Man, it sucks to watch the bad guys win over and over. Hayashi isn’t a saint by any means, but at least he tried to get out after the whole “babies” business. Everyone else just sucks, so it dampens my mood even further when Hiroki manages to save Tsukasa. Of course, I expected it. One of the main characters is not going to become and stay a vegetable six episodes into the series. Nevertheless, I can’t help but shake my head at the idea that Hiroki saving Tsukasa is a good, wonderful thing for their creepy, co-dependent relationship. Am I supposed to be elated that Hiroki pulls it off? How can I? As a character, Hiroki has the depth of a puddle. After six episodes, he’s still just a whiny, emotionally-stunted child. Tsukasa is hardly any better after what we learned last week; he was willing to crush both himself and Hayashi just to get back at his former mentor for “abandoning” him. And even if some small part of him does genuinely care for Hiroki, he has admitted to emotionally manipulating his friend. But again, this week’s resolution is treated like a good thing: “Yay, these two shitty characters are reunited!”

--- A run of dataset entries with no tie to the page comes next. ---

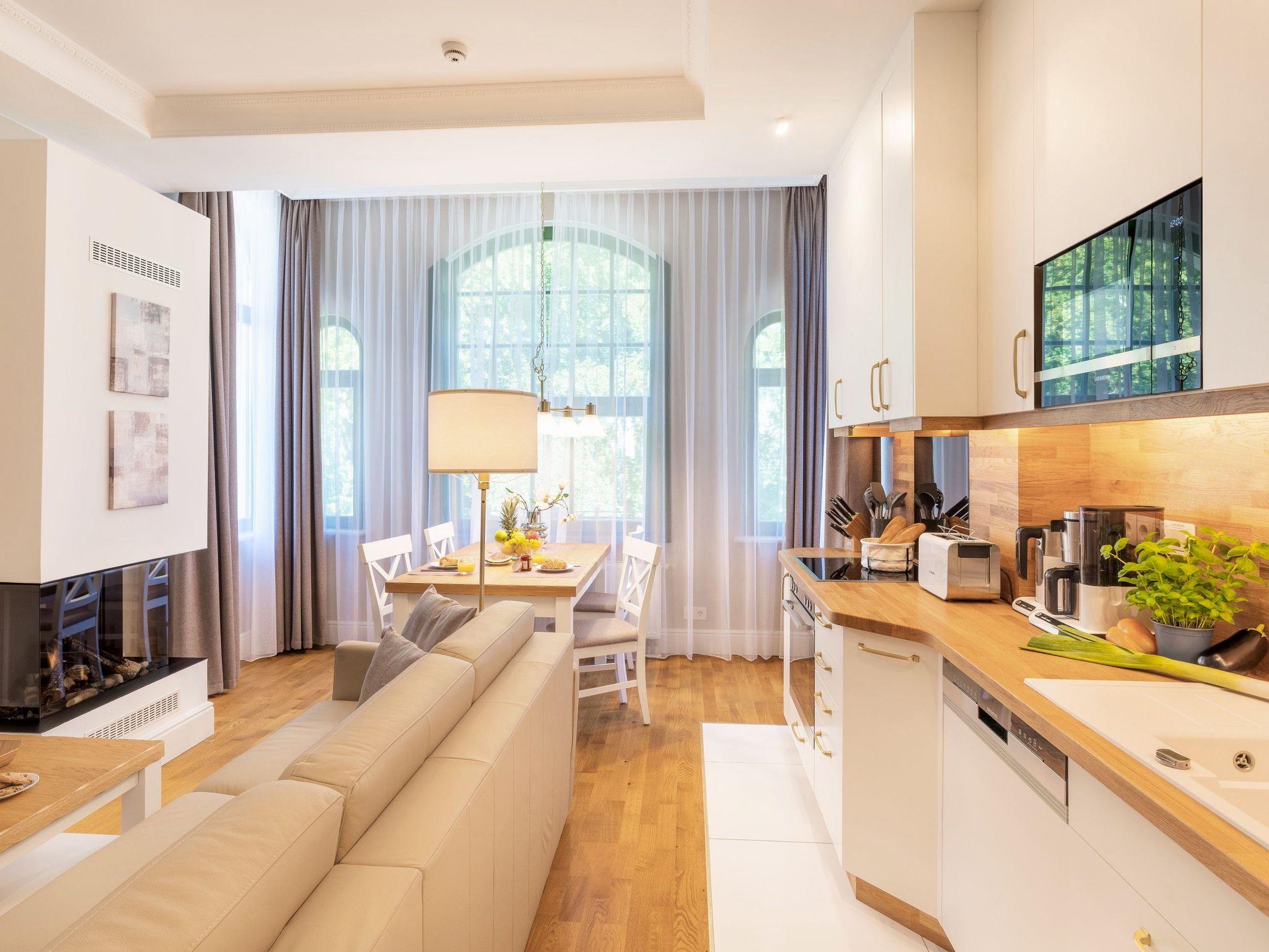 Auf 46 Quadratmetern im 2. Obergeschoss erwartet Sie ein lichtdurchfluteter Wohnbereich, der mit einem eleganten Gaskamin eine besonders gemütliche Atmosphäre schafft ? ideal für entspannte Abende. Die komfortable Couchgarnitur und der Flat-TV laden zum Abschalten, Lesen oder gemeinsamen Fernsehen ein. Hochwertiges Echtholzparkett sowie robuste Designer-Tapeten aus den USA unterstreichen den exklusiven Charakter des Appartements.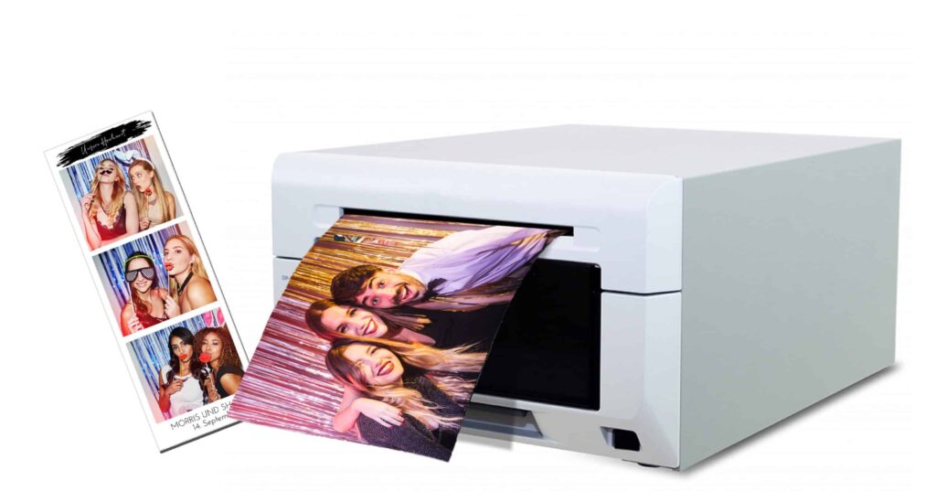Fotos direkt aus dem Profi-Fotodrucker ausdrucken. Innerhalb weniger Sekunden ist das Bild in den Händen deiner Gäste – ohne Wartezeit.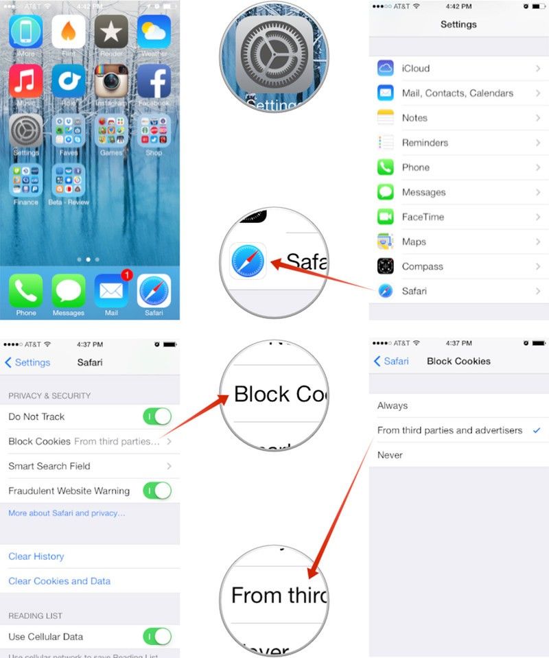 Как заблокировать куки в iOS 7 Safari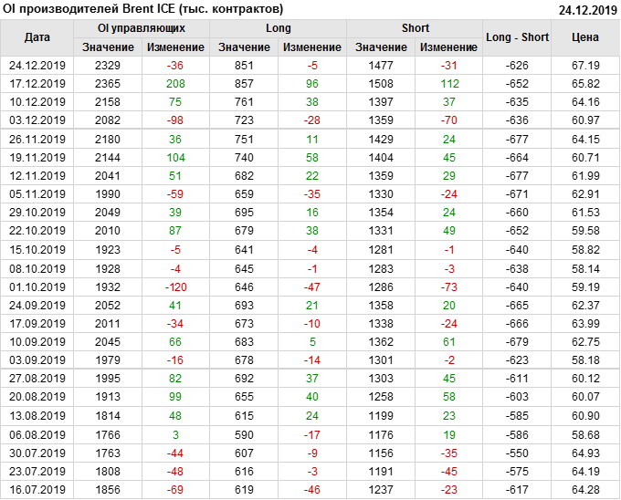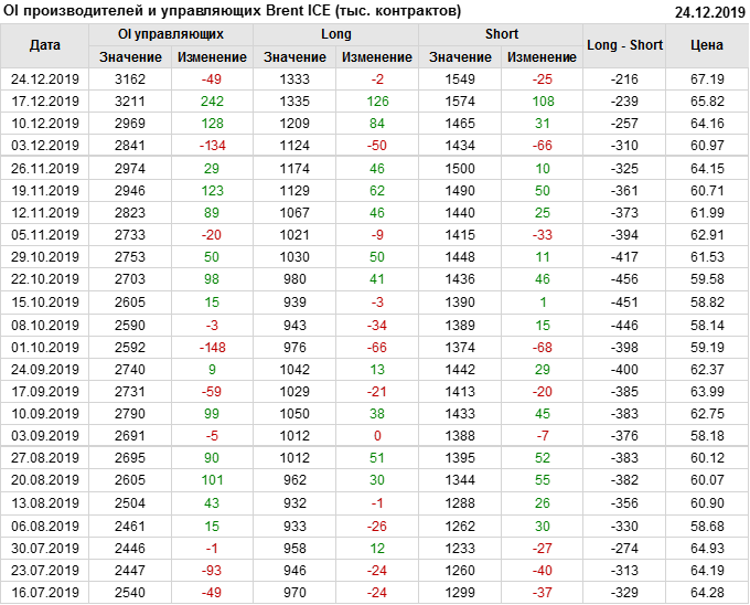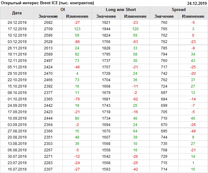 Отчет по открытому интересу. Brent. Биржа ICE на 28.12.2019

These people are either evil (e.g. Tsukasa and Katsuragi) or childishly ignorant of the situation they’re in (e.g. Hiroki and Satoru). Sometimes, shows aren’t about the good guys. Sometimes, they’re about the bad guys. That’s fine, but that doesn’t mean the bad guys should always be rewarded for their bad deeds. I just want these characters to get their comeuppance, but I don’t know if that’ll ever happen. Well, maybe we can get a Banana Fish ending where one of them dies and the other moves on. But hey, at least that series had characters worth rooting for.
Murenase! Seton Gakuen Ep. 6
— A panda joins the cast, and apparently, she’s a super spoiled idol who likes to go around wreaking havoc. I guess this is meant to represent how pandas are perceived as lazy in real life. Needless to say, it’s up to Jin to tame the
— The new girl has a red panda for a manager. Fun fact: red pandas are closer to raccoons than bears.
— So are pandas truly lazy? People blame this on their diet. See, we humans are pretty lucky. We can be vegans without severely compromising our nutrition. On the other hand, pandas eat bamboo and only bamboo. It’d be like trying to subsist on a bowl of salad everyday. You’d feel dead tired on that diet, right? Of course! After all, our bodies need carbs and protein! So there’s one reason why pandas are lazy.
— At the end of the day, wild animals aren’t meant to be kept in tiny enclosures. Captive animals don’t necessarily behave normally and for good reason.
— Last but not least — and this has nothing to do with the episode — pandas have a hard time mating in captivity. So you know what we did for them? We made panda pornography. That’s right. There’s literally smut for pandas. Considering how this show hasn’t been too shy to mention koala bears eating shit or female hyenas having pseudo-penises, I’m quite disappointed that this episode never brought up panda pornography! I thought we were trying to educate the kids!
— Plot-wise, there isn’t much to say about this episode. Like I said, Jin has to tame the panda girl, which just boils down to forcing her to do her own cooking if she wants to join the cooking club. In the end, it turns out she is turned on by being abused. Who knew pandas were into light S&M play?
— There’s a short bit about how the cat is wary of strangers, which I find kinda odd. She didn’t act that way with any of the other characters. Nevertheless, they stuck the panda in a cage in order for the cat to feel “safe.” Eventually, the cat comes around so Jin’s furry harem grows once more.
— So for people who have never had cats, this is how you introduce a new cat to a home that already has one. No, you don’t stick them in a cage in the middle of the room. Rather, the new cat usually gets to chill in one room for a week or two until both cats get used to (i.e. tolerate) the other cat’s scent.
— Hm, what else to mention…? Oh yeah, the lion gets NTR’d.